7	The open cover ${\displaystyle \{Q_{k}\}_{k\in K}}$ of Step (6) is a locally finite open cover. In other words, for any ${\displaystyle (x,y)\in X\times Y}$, there is an open subset ${\displaystyle R\ni (x,y)}$ such that ${\displaystyle R}$ intersects only finite many ${\displaystyle Q_{k}}$s.			Steps (4) (locally finite aspect), (6)	[SHOW MORE] Since ${\displaystyle \{P_{j}\}_{j\in J}}$ form a locally finite open cover of ${\displaystyle Y}$ (Step (4)), there exists an open subset ${\displaystyle S}$ of ${\displaystyle Y}$ such that ${\displaystyle S}$ contains ${\displaystyle y}$ and ${\displaystyle S}$ intersects only finitely many of the ${\displaystyle P_{j}}$s. Set ${\displaystyle R=X\times S}$, so ${\displaystyle R}$ is open in ${\displaystyle X\times Y}$. ${\displaystyle R}$ therefore intersects only finitely many of the ${\displaystyle X\times P_{j}}$s.
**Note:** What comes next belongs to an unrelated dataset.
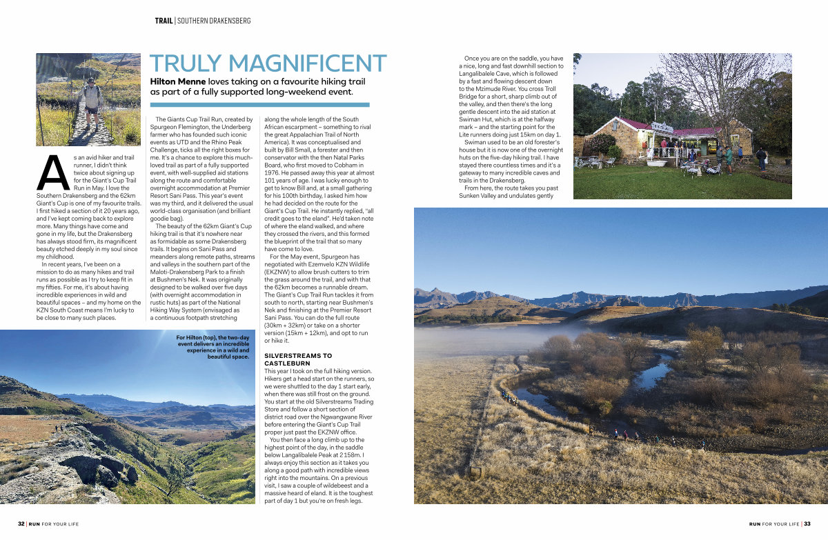 Hilton Menne loves taking on a favourite hiking trail as part of a fully supported long-weekend event. s an avid hiker and trail runner, I didn’ t think twice about signing up for the Giant’ s Cup Trail Run in May. I love the Southern Drakensberg and the 62km Giant’ s Cup is one of my favourite trails. I first hiked a section of it 20 years ago, and I’ ve kept coming back to explore more. Many things have come and gone in my life, but the Drakensberg has always stood firm, its magnificent beauty etched deeply in my soul since my childhood.

For any ${\displaystyle Q_{k}}$, with ${\displaystyle k=(i,j)}$, we have ${\displaystyle Q_{k}\subseteq X\times P_{j}}$ by construction (Step (6)), so if ${\displaystyle Q_{k}}$ intersects ${\displaystyle R}$ so does ${\displaystyle X\times P_{j}}$. Thus, the ${\displaystyle Q_{k}}$s that intersect ${\displaystyle R}$ must correspond to the finitely many ${\displaystyle j}$s for which ${\displaystyle R}$ intersects ${\displaystyle X\times P_{j}}$. Since there are finitely many ${\displaystyle k}$s for each ${\displaystyle j}$, this gives that there are finitely many ${\displaystyle Q_{k}}$s intersecting ${\displaystyle R}$.
8	The open cover ${\displaystyle \{Q_{k}\}_{k\in K}}$ is as desired			Steps (6), (7)	Combine the two steps to get what we wanted to prove.